**** Data ****

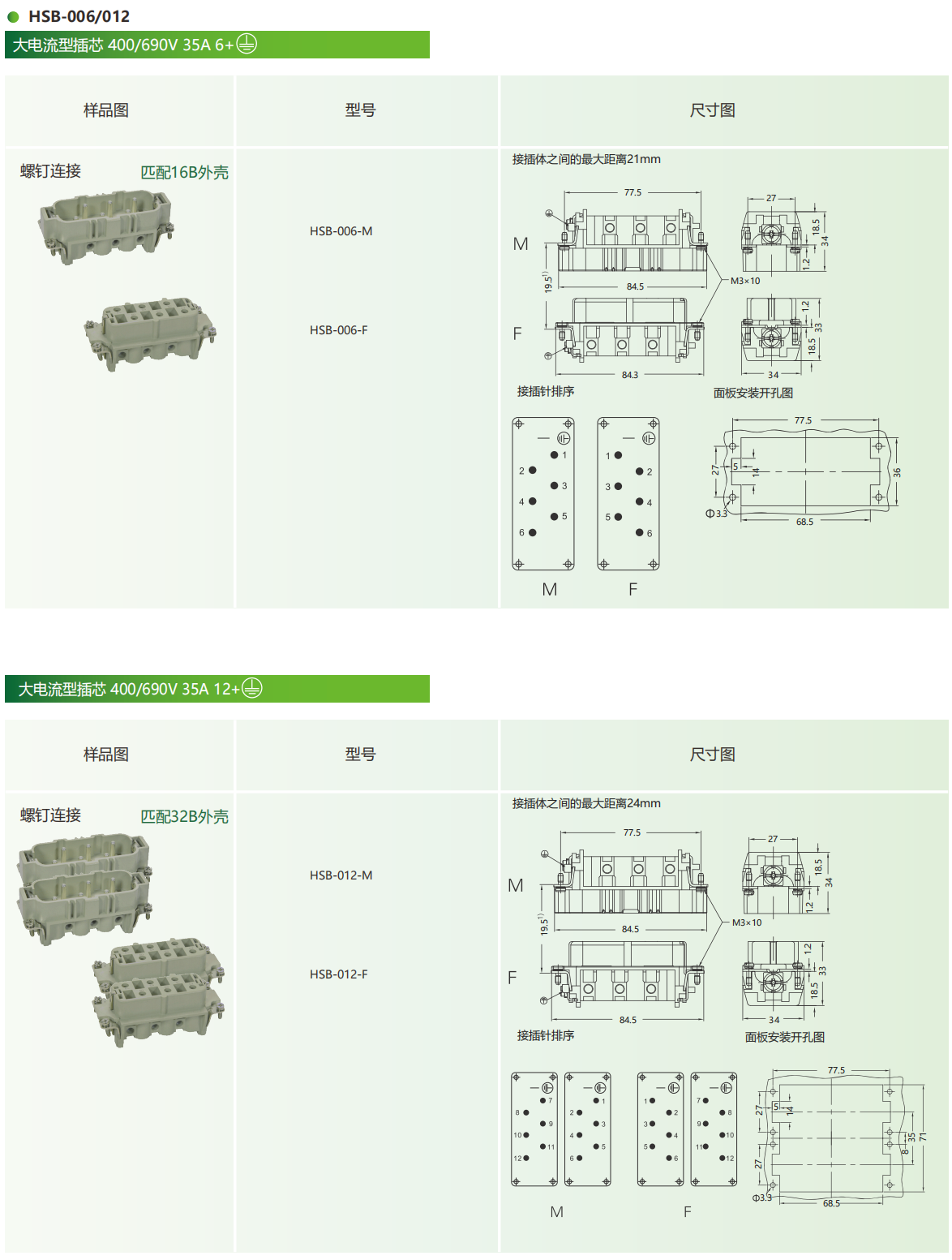 为乐VELLEDQ重载连接器公母HSB-006-MF大电流插612芯35A螺钉
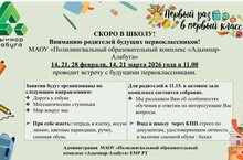 14, 21, 28 февраля, МАОУ Полилингвальный образовательный комплекс "Адымнар-Алабуга" проводит встречу с будущими первоклассниками.
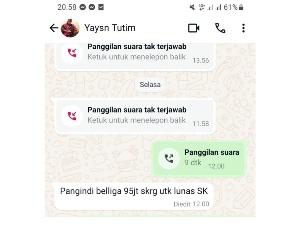 Tangkapan layar itu juga memuat sebagian percakapan berbahasa Wewewa yang berbunyi: “pangindi belliga sekarang untuk lunas Surat Keputusan (SK)”. Berarti “kirim uang dulu sekarang Rp95 juta untuk melunasi SK”.
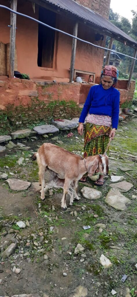 Voor 6 families in Pumdi die moeite hebben met overleven zijn er, samen met Sapana Nepla, zeven geiten aangeschaft en verdeeld over de 6 families. Dit is gedaan met het geld dat over was van de actie in Corona. De geitjes zijn gegaan naar gezinnen die, na Corona, een steuntje in de rug konden gebruiken.
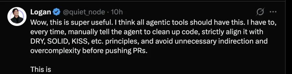 “太实用了!我觉得所有智能代理工具都应该具备这个功能。每次提交 PR 之前,我都要手动告诉代理清理代码,严格遵循 DRY、SOLID、KISS 等原则,避免不必要的间接性和过度复杂化。”
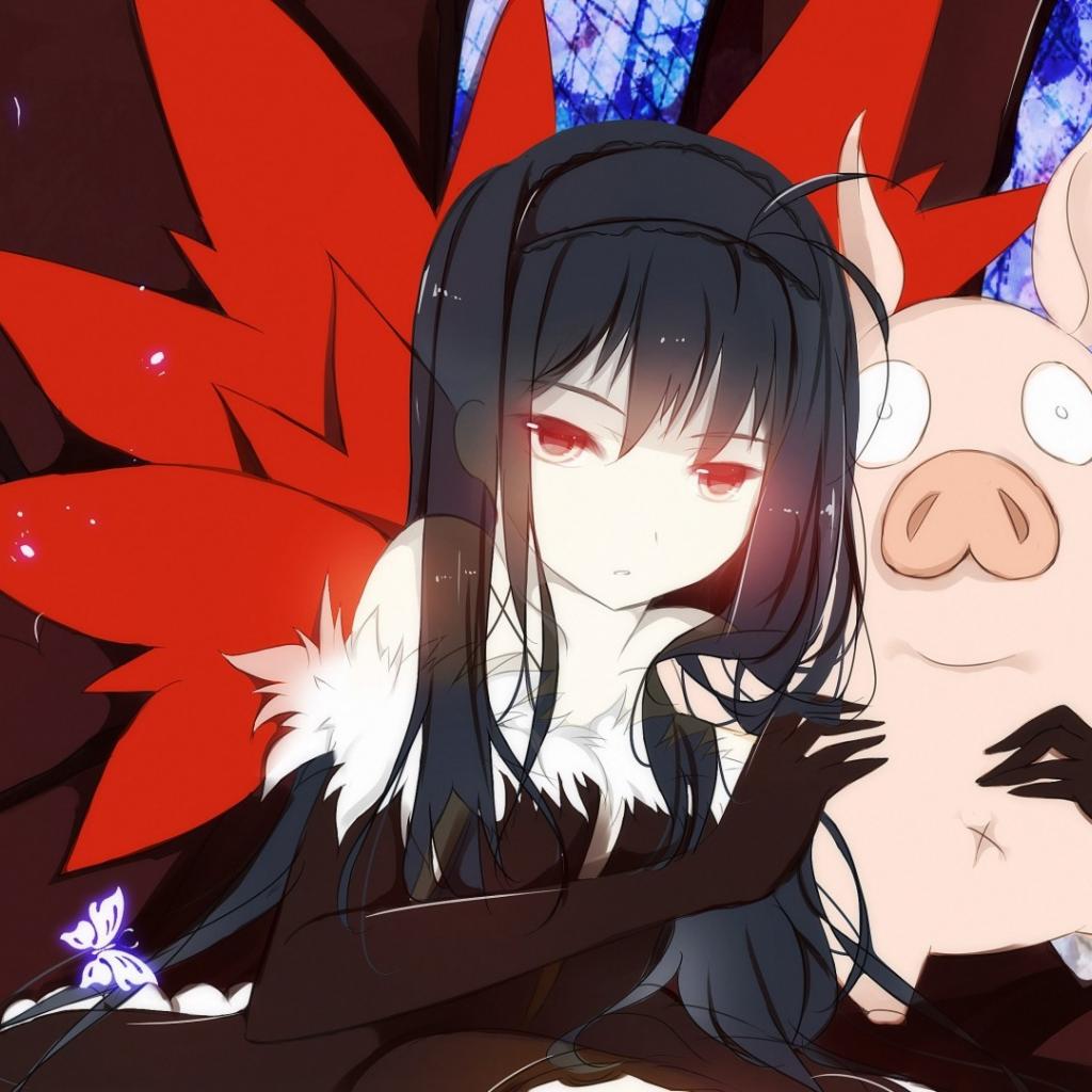 Wallpaper Anime girl with a pig

****

The result should hold only the lines from the line with "14, 21, 28 февраля, МАОУ" through the final line of the records above, copied exactly, with pictures left out.

◆ Your response
 14, 21, 28 февраля, МАОУ Полилингвальный образовательный комплекс "Адымнар-Алабуга" проводит встречу с будущими первоклассниками.
 Tangkapan layar itu juga memuat sebagian percakapan berbahasa Wewewa yang berbunyi: “pangindi belliga sekarang untuk lunas Surat Keputusan (SK)”. Berarti “kirim uang dulu sekarang Rp95 juta untuk melunasi SK”.
 Voor 6 families in Pumdi die moeite hebben met overleven zijn er, samen met Sapana Nepla, zeven geiten aangeschaft en verdeeld over de 6 families. Dit is gedaan met het geld dat over was van de actie in Corona. De geitjes zijn gegaan naar gezinnen die, na Corona, een steuntje in de rug konden gebruiken.
 “太实用了!我觉得所有智能代理工具都应该具备这个功能。每次提交 PR 之前,我都要手动告诉代理清理代码,严格遵循 DRY、SOLID、KISS 等原则,避免不必要的间接性和过度复杂化。”
 Wallpaper Anime girl with a pig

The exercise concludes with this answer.